A federal judge in Virginia has declared a section of the recently passed healthcare law unconstitutional. That section, which would not have taken effect until 2014, is the one that requires individuals to purchase health insurance or to pay various tax penalties. While there’s little doubt that the question will go all the way to the U.S. Supreme Court, I would not be surprised to see this ruling upheld, because there’s a vast difference in law, and in practice, between requiring individuals NOT to do something “bad,” and in requiring them to take an affirmative action at their own expense – or pay a penalty for not spending money as required by the federal government.
This distinction can be a very fine line, but it still exists. For example, car manufacturers are required to incorporate costly safety features in their new cars, but no consumer is required to buy a new car. Manufacturing companies are required to meet standards for safety and emissions, but no corporation is mandated to build a new plant to produce widgets, etc.
The problem with a democratic system is that our freedoms often exact costs, and often those costs fall on others in one way or another. One example of this in health care hits fairly close to home – my home. My wife is a professor of voice, and she teaches college students. Over the last 18 years, never has she had a year when she has not been confronted with sick and contagious students, as well as some with severe throat, sinus, or lung problems, who have no health insurance because neither they nor their parents have such insurance. Not only do these students often infect others, but at times, their lack of insurance threatens their own permanent well-being. More times than I want to count, my wife has paid for visits to doctors, and she has negotiated special rates with specialists for certain tests and procedures for her students. In the vast majority of cases, these students or their parents, and it is usually their parents’ doing, have made the choice of not paying for health insurance. But there is a cost, either in time lost from work or studies [and lower grades, possibly even resulting in the loss of a scholarship], in overall health, and in the costs imposed or assumed by others. One of the largest costs in the health care area is that of emergency room costs.

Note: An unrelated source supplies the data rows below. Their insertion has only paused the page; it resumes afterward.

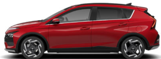
Dragon Red Pearl Kontrastdach verfügbar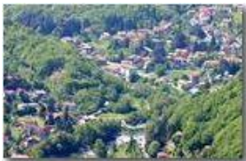
Savignone : frazioni Ponte e San Bartolomeo di Vallecaldà

Pietro Marcheselli - Canon EOS 300D 2007 - Estate - Savignone - Fiori&Fauna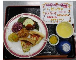
ハロウィンプレート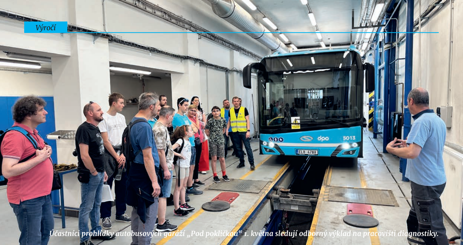
Účastníci prohlídky autobusových garáží „Pod pokličkou“ 1. května sledují odborný výklad na pracovišti diagnostiky.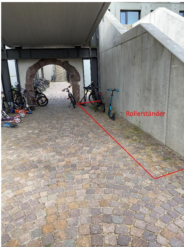
Abbildung 3 Rollerstände Fußgängerbrücke Augustenburgstraße

3. Haltestelle Oberausstraße: östlich der Haltestelle auf der Freifläche könnten Fahrradstände aufgestellt werden. Hier wäre - je nach Beschluss - noch eine Abstimmung mit den Verkehrsbetrieben Karlsruhe hinsichtlich deren „Bike&Ride“-Konzept notwendig.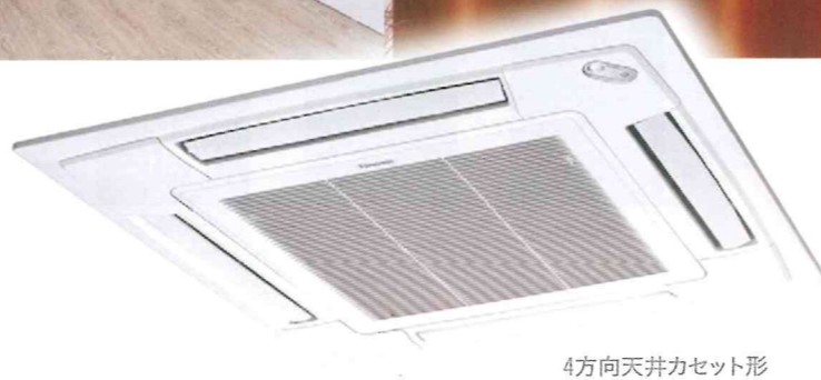
4方向天井カセット形

新冷媒R32を使用した、最新の空調設備です。 センサーを搭載したものや特殊用途のものまで、 幅広く取り扱っています。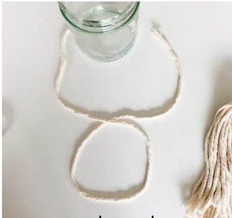
maak een lus

Neem het lange koord. Maak hiermee een lus. Knoop alle andere koorden (BEHALVE het allerlaatste koord) rond dit koord met een opzetknoop.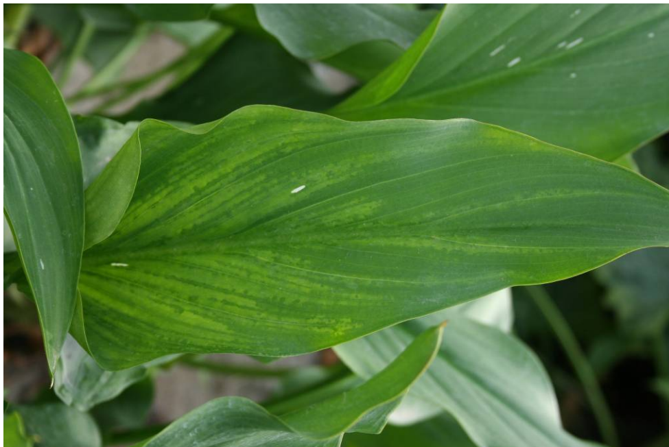
Figuur 2. Virussympptomen in Zantedeschia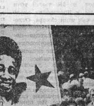
Десятки тысяч представителей прогрессивной общественности из многих городов страны провели манифестацию в Бонне (на снимке). Они потребовали от режима аппарата ЮАР немедленного освобождения Нельсона Манделы и других политических заключенных ЮАР.

Италия ПОРТУГАЛИЯ ЗА ИНТЕРЕСЫ ТРУДЯЩИХСЯ ЛИССАВОН. (ТАСС). Реакция последовательно широких политических слоев Португалии по поводу невыгодных условий присоединения Португалии к Общему рынку.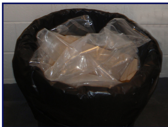
Deje atrás cualquier tipo de residuo generado en la granja.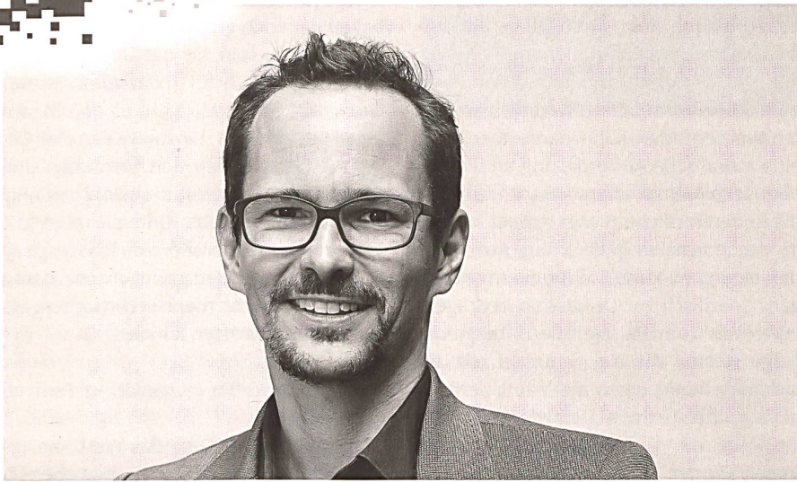
Balthasar Glättli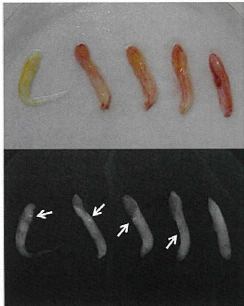
図2 specimen マンモグラフィ (矢印は石灰化)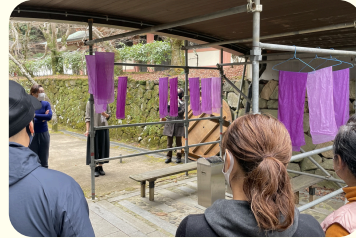
いにしへの高貴な色ムラサキを 染めてみませんか？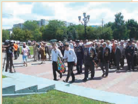
▲ Ветераны и молодёжь возлагают венок и цветы к памятнику павшим героям в г. Белгороде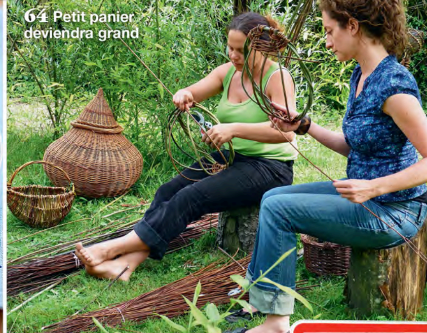
64 Petit panier deviendra grand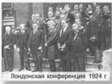
Лондонская конференция 1924 г.

Была объявлена всеобщая забастовка, прекращена выплата репараций. В ответ последовали карательные акции. Всего в столкновениях погибло 137 человек. Англия и США добились созыва в 1924 г. Лондонской конференции, которая смогла урегулировать этот вопрос. На конференции был утверждён план Дауэса, по которому Германия получала кредиты для восстановления экономики.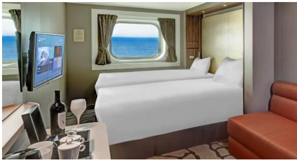
ห้องพักแบบมีหน้าต่าง Oceanview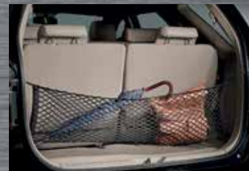
Rede de porta-malas

OS ACESSÓRIOS TOYOTA SÃO DESENVOLVIDOS SEGUINDO OS MAIS RÍGIDOS PADRÕES DE QUALIDADE.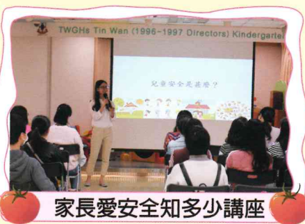
家長愛安全知多少講座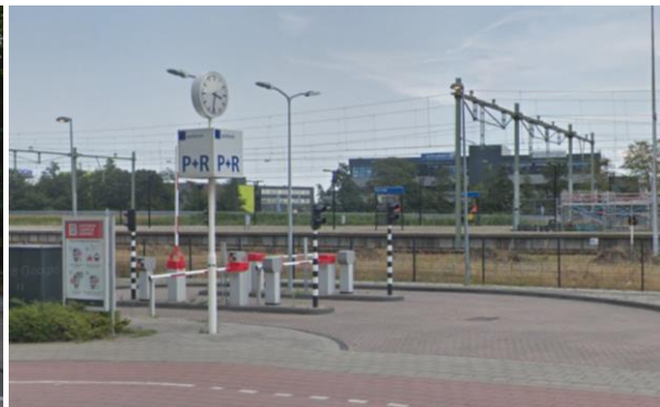
P+R Beverwijk | methode NS/Q-park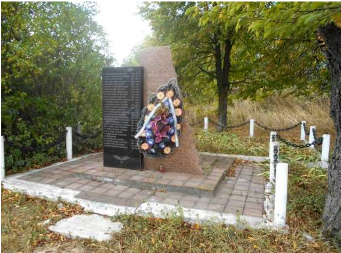
158. Братська могила радянських воїнів, 1944 р., 1,5 км на південь від траси Хмельницький-Чорний Острів, біля п.п. «Агропродукт». Фото жовтень 2016 р. Пам'ятка історії місцевого значення.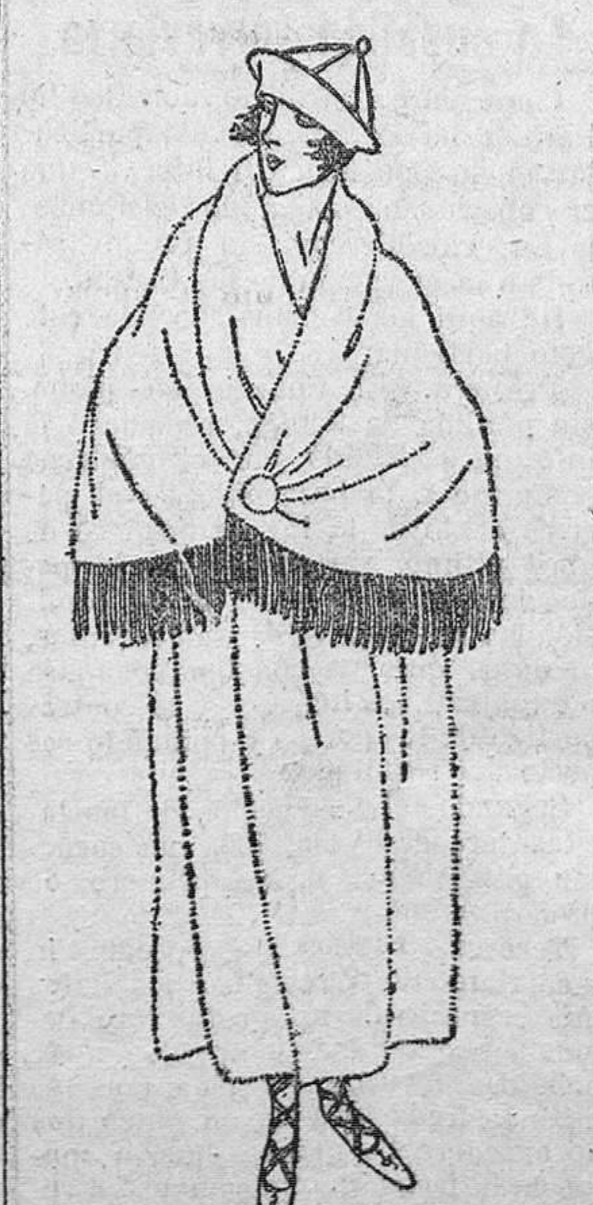
Amplia capa de baño, confeccionada en pedáneo blanco, y adornada en pelerina de un fleco de seda a capricho, combinado con la guarnición del gorriño.

The health care area is just one example. Another is our presumption of innocence. Under our system of justice, someone arrested or charged with a crime is presumed innocent. That presumption results in literally billions of dollars being spent to prove guilt and convict presumed criminals, many of whom escape punishment not because they are innocent, but because they had better lawyers.
Another area is child welfare. Because we choose not to send poor families to poorhouses and debtors’ prisons, but to allow them freedom, we end up paying significant sums to welfare mothers and others, and subsidizing food – largely in the hope that at least some of it will get to children – rather than taking the children and letting their parents fend for themselves.

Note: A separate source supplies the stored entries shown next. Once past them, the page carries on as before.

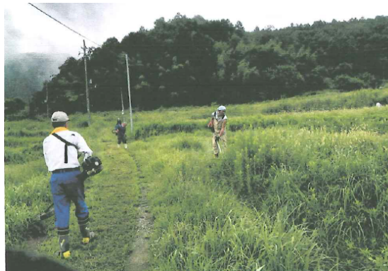
休耕田の維持管理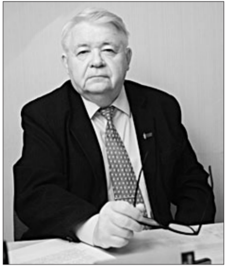
(Окончание. Начало на 1-й стр.)

Среднему поколению придавала смысл бытия, который состоял и состоит в борьбе за восстановление Советской власти в стране. Нужно высоко нести знамя борьбы с уверенностью, что его подхватят более молодые и сильные руки.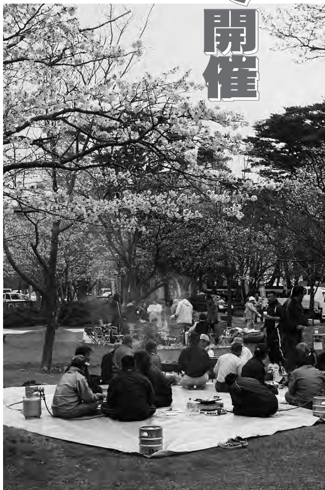
花見を楽しむ姿も数多く見られました。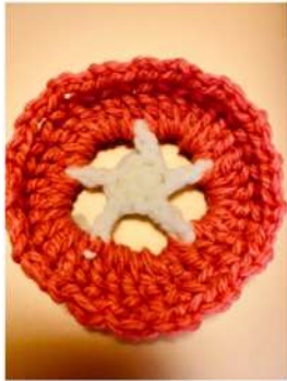
編みものできる人向け

●...引抜きあみ ○...くさりあみ ×...こまあみ T...長あみ F...長あみ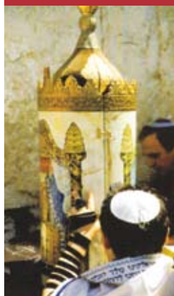
Halacha komt o.a. voort uit Tora

De bijbelse basis voor de halacha kan in Leviticus 19 gevonden worden. Daarin geeft God aan dat Hij, omdat Hij een heilig God is, ook een heilig volk wil hebben. Om daadwerkelijk een geheiligd volk te zijn, worden de regels in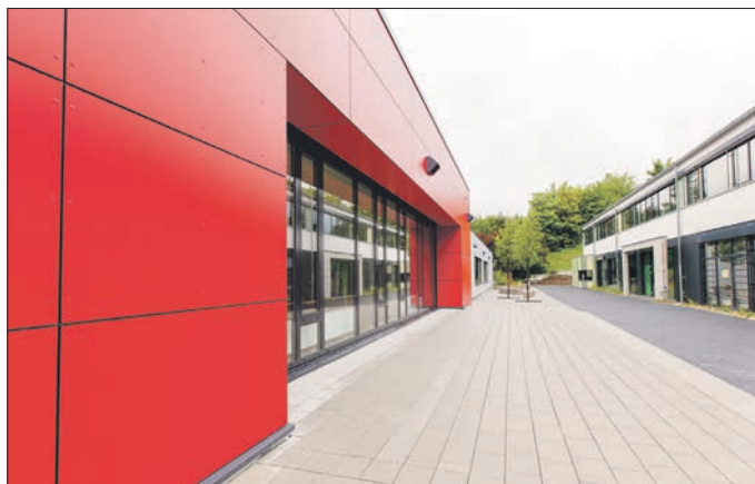
An den Eppsteiner Schulen testen sich die Kinder seit Montag selbst.

bis für jedes Kind die entsprechende Erlaubnis vorliege und es tatsächlich zweimal pro Woche getestet sei. Aber er lohne sich, ist der Schulleiter überzeugt, „wenn wir auf diese Weise die Schule offen halten können“, meint der Rektor mit Blick auf die Inzidenz im Main-Taunus-Kreis. Am Montag lag sie bei 130 und am Dienstag bei 128. Bei Redaktionsschluss stand noch nicht fest, ab welchem Inzidenzwert Schulen wieder schließen müssen: Bisher liegt der Grenzwert bei 200, sollte das neue Infektionsschutzgesetz in Kraft treten, sinkt die Inzidenz auf 165.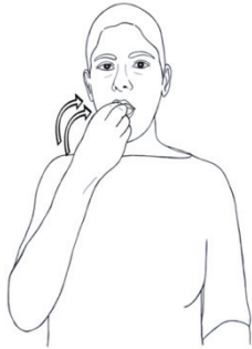
1 pav. Ikoniškas gestas VALGYTI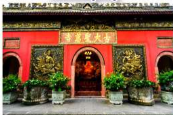
วัดต้าฉีอู๋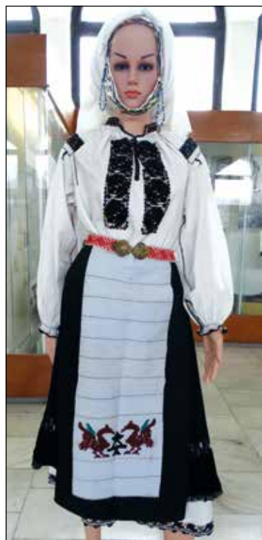
Обр. 4. Мъжка туникообразна риза с бродерия от с. Карайсен (ИМ – Павликени, осн.ф. „Етнография“, инв. № 688)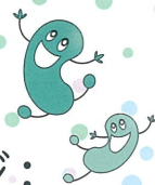
まがちゃん たまちゃん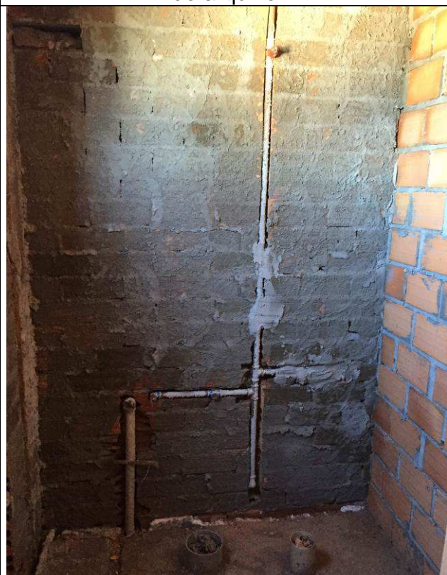
Figura 64C: Pontos de água fria - banheiros públicos.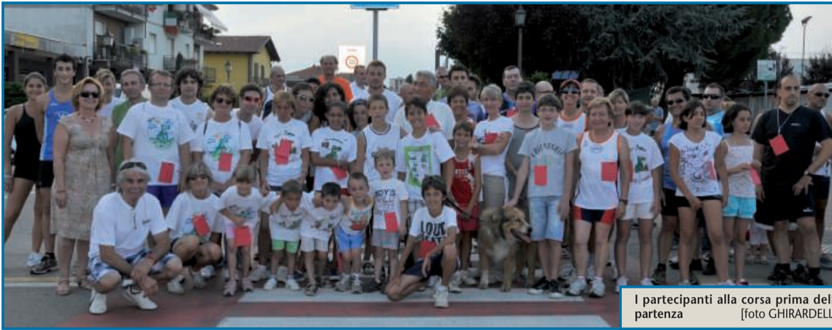
I partecipanti alla corsa prima della partenza

Erano 124 gli iscritti alla gara non competitiva organizzata a favore della Lega Tumori di Biella. Consegnato un assegno di 1.031 euro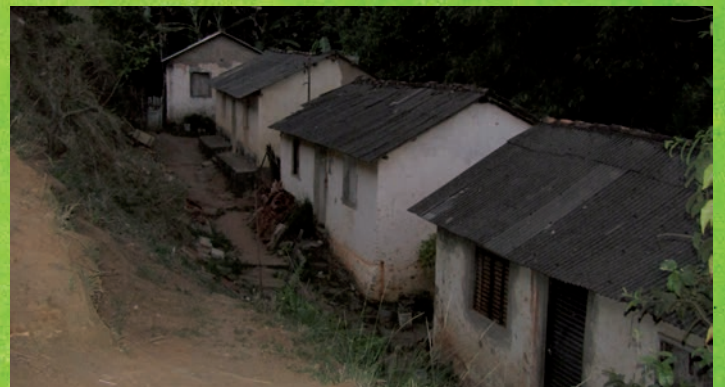
Come viveva la popolazione del bairro Alvenga a Ponte Nova, prima che il Municipio costruisse questa serie di casette a schiera, 45 metriquadri per famiglia ed un piccolo cortile. I cortili sono indispensabili, perché le stanze sono sempre molto piccole e parecchie incombenze domestiche si sbrigano nel cortile.

Yet another is the freedom of movement. We allow people great freedom to own vehicles, to operate them at high rates of speed, and even presume that they will do so sensibly. We also combine that freedom with that of drinking. This “combination” of freedoms costs more than 40,000 lives annually, and billions in damages and destruction.
The last freedom we provide in the United States is simple. In allowing people the freedom to innovate and to be successful, we also allow most people the freedom to make enough bad choices to hurt, if not destroy, themselves.
Am I suggesting a more totalitarian approach and an adoption of the Napoleonic Legal Code? Heavens, no! But what I am suggesting is that there are real and measurable costs to “freedom,” restricted as some think it now is, and that it is anything but “free,” and part of those costs are included in our taxes, in our insurance bills, and in the costs of the goods we buy… as well in human suffering and tragedy.